イミダペプチドの効果とその作用

「渡り鳥はなぜ何千キロも飛び続けられるのか」[※1]という疑問を解決してくれたのが、このイミダペプチド、別名イミダゾールジペプチドでした。1年間に数万キロも異動する渡り鳥の翼の付け根の筋肉(胸肉)には、抗疲労物質と呼ばれる有効成分、イミダペプチドが豊富に含まれています。

イミダペプチドとはどのような成分か

イミダペプチドとは、2つのアミノ酸が結合した成分の総称で、有効性で特に知られているのが、アンセリンとカルノシンという成分。2つのアミノ酸が結合した分子のことを“ジペプチド”というため、正式名称は「イミダゾールジペプチド」といいます。イミダペプチドは経口摂取後2つのアミノ酸に分解されますが、体内に吸収されると再合成されるという大きな特徴があります。 人間を含むあらゆる動物の体内にイミダペプチドは存在しますが、その含有量が特に多いのが渡り鳥やマグロ、カツオといった活動量の多い生き物です。渡り鳥や大型回遊魚にイミダペプチドが豊富に含まれることから、抗疲労成分や抗酸化成分としての有用性を検証する研究が進められました。

イミダペプチドの効果・効能

イミダペプチドには次のような効果・効能があるといわれています。

■抗疲労効果(肉体疲労・精神疲労)

生活しているなかで体力的ストレス、すなわち仕事や育児、過度な運動などにより生じる疲労の原因は活性酸素。この活性酸素によって細胞が傷つけられ、疲労がたまります。

イミダペプチドは活性酸素を除去する効果があることがわかっており[※2]、ヒト臨床試験でもその効果が確認されています。この作用は肉体疲労だけでなく、頭脳労働による精神疲労にも効果を発揮すると考えられています。

■抗酸化作用

酸素を吸って生きている人間は、つねに酸化ストレスにさらされています。その原因物質が先ほども述べた活性酸素などのフリーラジカル(不安定な分子でさまざまな病気を引き起こす物質)。

活性酸素はフリーラジカルのひとつですが、イミダペプチドには活性酸素を緩和させる効果がある[※2]ため、摂取することによって疲労を抑制する機能があることが確認されています。

■睡眠の質を改善

肉体的・精神的疲労が蓄積すると睡眠の質が落ち、人間が本来持っている回復能力が発揮できなくなってしまいます。
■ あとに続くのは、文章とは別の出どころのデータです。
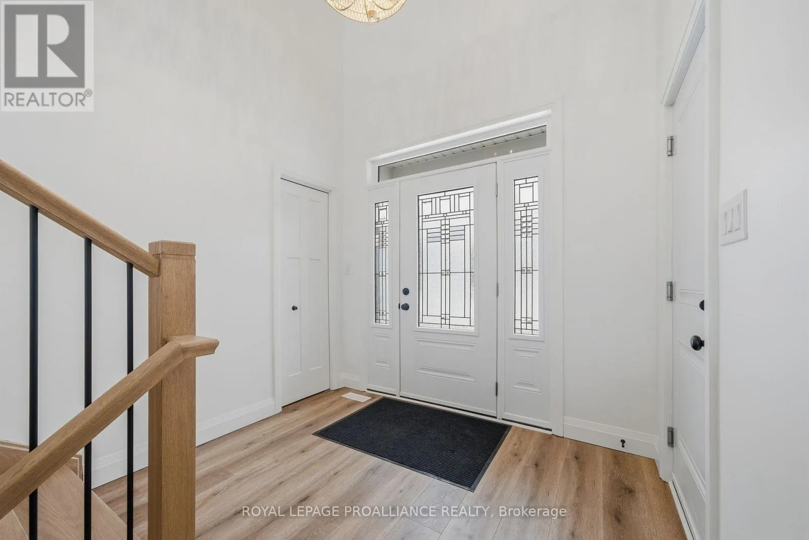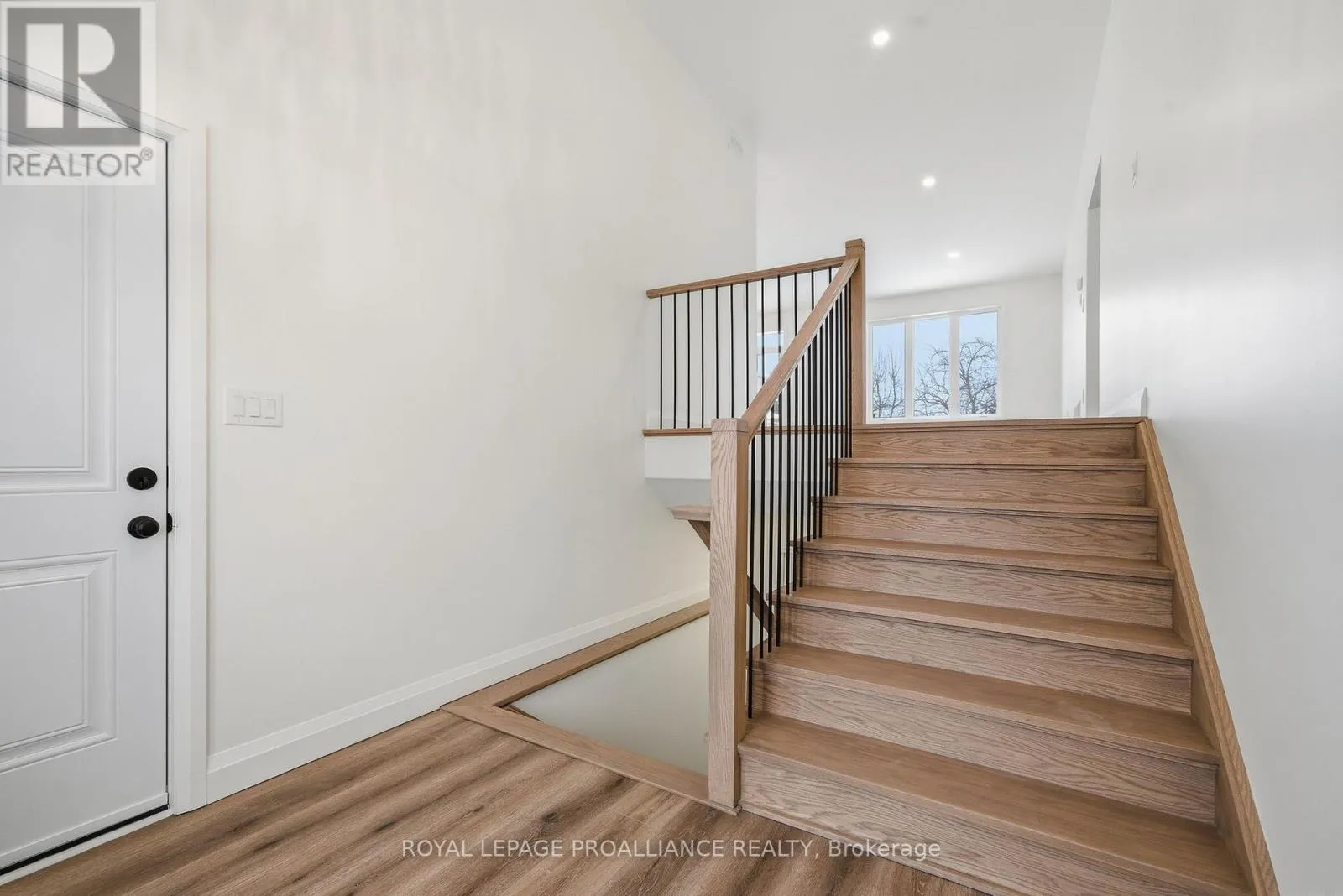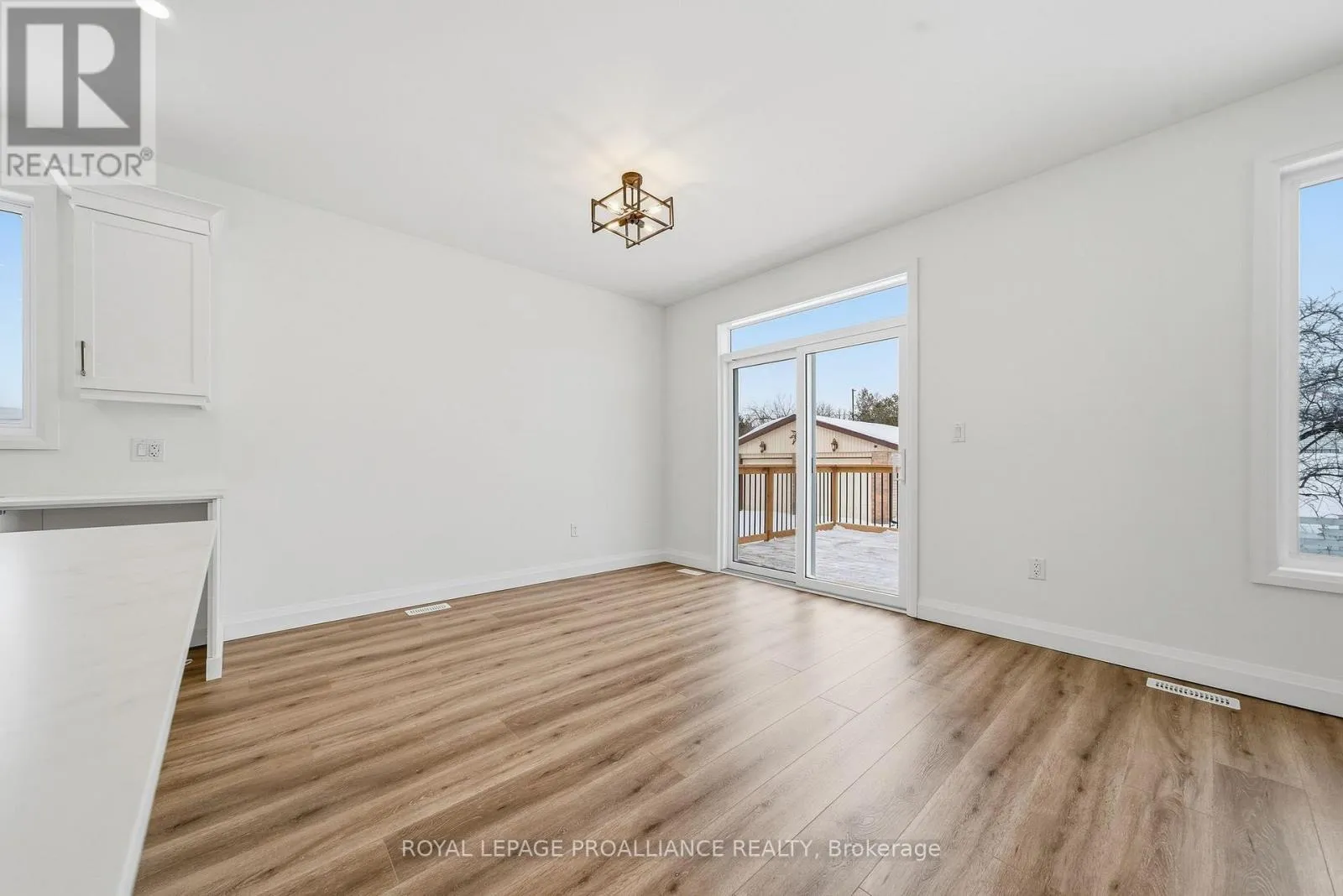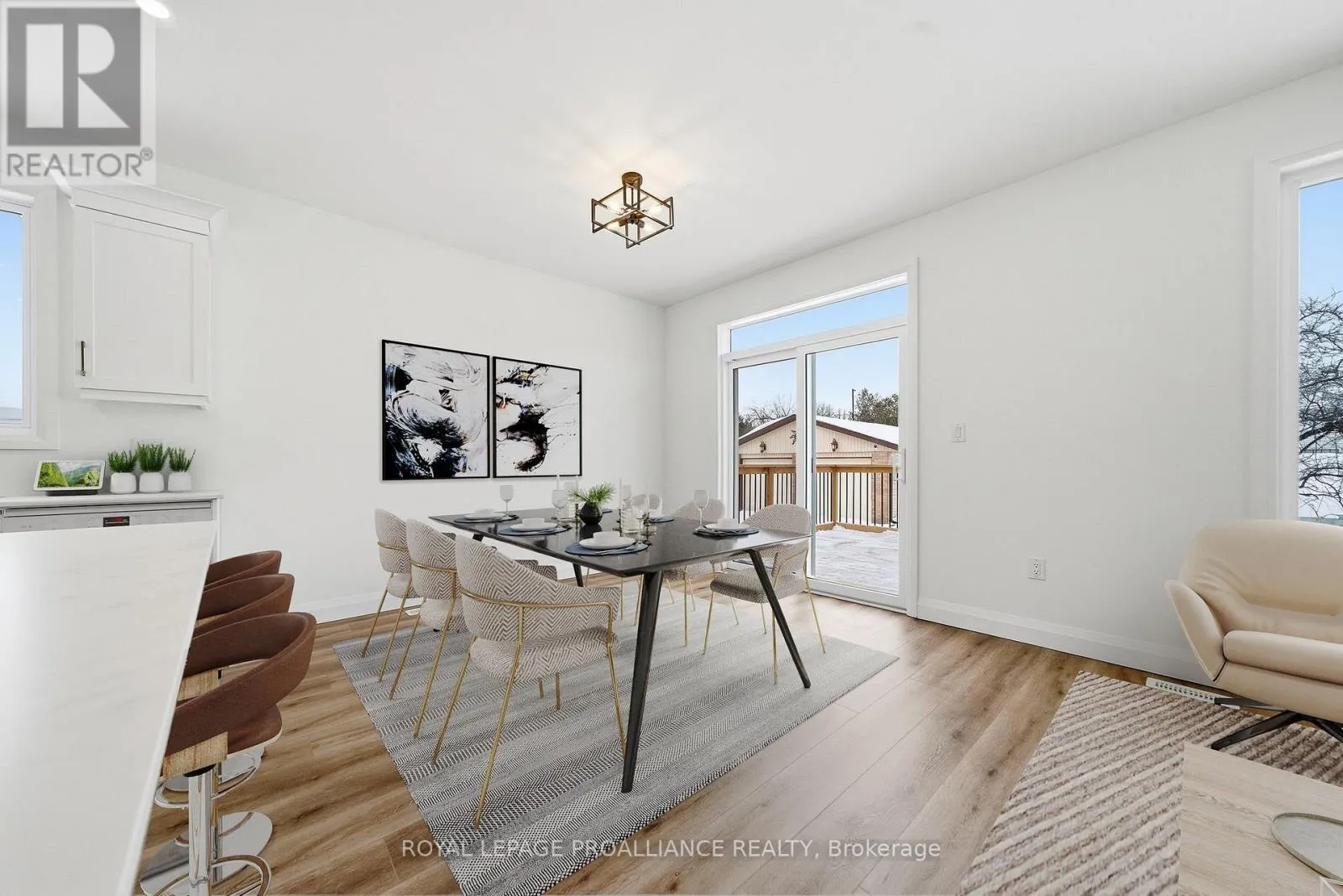 Cross Streets: Flindall & Bay. ** Directions: Flindall St to Bay St. Situated in the heart of Trenton within great walking distance to restaurants, shopping & Centennial Park offering children's play structure, baseball & soccer fields, open green space to roam & paved waterfront walking trails along the beautiful Bay of Quinte. FarDun Group presents this tastefully finished brand new home with Tarion Warranty, available for immediate occupancy if desired. Convenient double drive to the front covered porch into the spacious foyer with 15 ft ceiling or enter via the attached 261 sq ft garage. Oak staircase & railing invites you to this bright open plan. Timeless finishing selections here with 9 ft ceilings & neutral durable laminate flooring throughout. Classic shaker style kitchen cabinets in natural white with popular dekton countertops, deep granite undermount sink & detached entertaining island overlooking the sun filled dining & pot lit living area through the double sliding doors with transom feature & triple elongated windows. The large primary bedroom is positioned to the rear with generously sized walk-in closet. This main level also provides a second bedroom, full bath & large linen closet. Additional square feet available in the full unspoiled basement with bathroom rough in & three large windows allowing flexibility for your future layout. Need a finished basement now? The builder is open to discussing! Bonus, this beauty comes with a 12x12 deck & stairs to the already established yard. 152 Bay Street combines the perfect blend of easy new build living & modern design. You're invited to view the many perks this home has to offer at the OPEN HOUSE, Saturday February 14th 12-1:30pm. (id:27476)
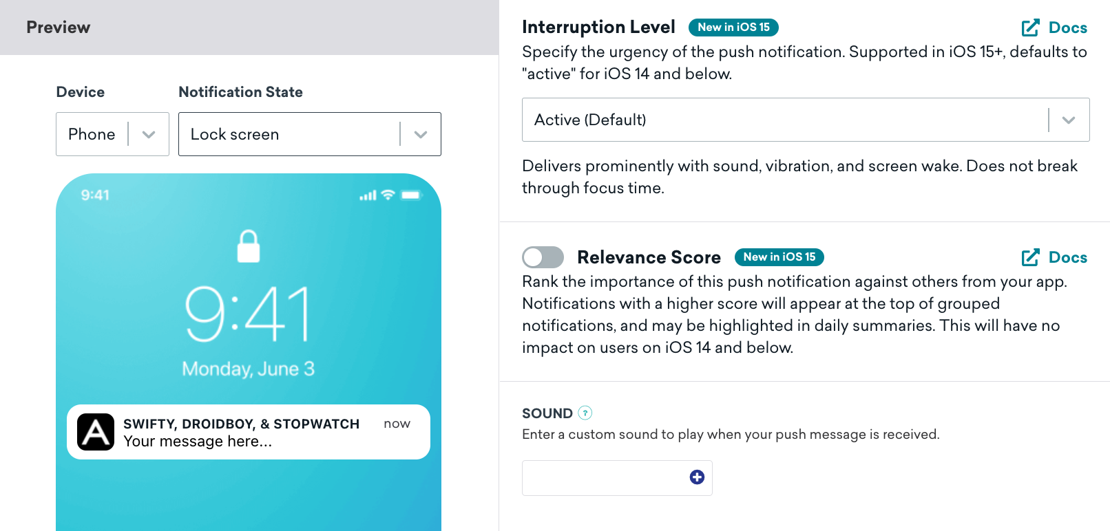 サウンドはアプリ内でローカルにホストする必要があります。プッシュコンポーザーの [サウンド] フィールドで、アプリ内のサウンドファイルにリダイレクトするプロトコル URL を指定する必要があります。このフィールドに「default」を指定すると、デフォルトの通知音がデバイスで再生されます。これは、以下のスクリーンショットに示すように、プッシュコンポーザーの [messaging API] または [設定] にあるダッシュボードを使用して指定できます。

こうなると人間は活性酸素のえじきです。

イミダペプチドは活性酸素を除去し、負のスパイラルを断ち切る作用があります。この作用により、自律神経が優位になった状態から副交感神経が優位な状況に誘引。良質な睡眠がとれるようになるとされています。

■運動機能向上作用

イミダペプチドには疲労を抑制する効果だけでなく、運動機能を有意に向上させる作用もあることがわかっています。[※3]イミダペプチドを摂取させたマウスやラットによる動物実験や、健常男性に摂取させ高負荷をかけたヒト試験により確認されています。

■アルツハイマー型認知症の予防・改善効果

2014年3月に「イミダゾールジペプチド(イミダペプチド)には、記憶に関する脳部位の萎縮を抑制し、神経心理機能を改善する作用がある可能性がある」(東京大学 大学院新領域創成研究科 「鶏肉のイミダゾールジペプチドの脳老化改善効果を発見」から引用)という驚くべき発表がありました。このエビデンスは『2014年農林水産省研究成果10大トピックス』[※4]に選ばれています。

■尿酸抑制効果(痛風予防)

イミダゾールジペプチドの一種であるアンセリンには、血液中の尿酸値を下げる作用があることがわかっています。[※5]

過剰に作られた尿酸の体外への排泄を促進する作用および尿酸の過剰な産生を抑制すると考えられています。さらに腎機能の低下、高血圧、メタボリックシンドロームなどの生活習慣病を予防する効果もあると考えられています。[※6]

どのような作用があるのか

イミダペプチドは経口摂取されたあと、いったんはβアラニンとヒスチジンというアミノ酸に分解されますが、合成酵素の働きで再合成されるというメカニズムがあります。

またイミダペプチドは人間を含め動物の体内で合成されるアミノ酸ですが、合成を促がす酵素(合成酵素)が動物の種類ごとに異なる、もっとも消耗が激しい部位にイミダペプチドの合成酵素が多く存在しています。[※7]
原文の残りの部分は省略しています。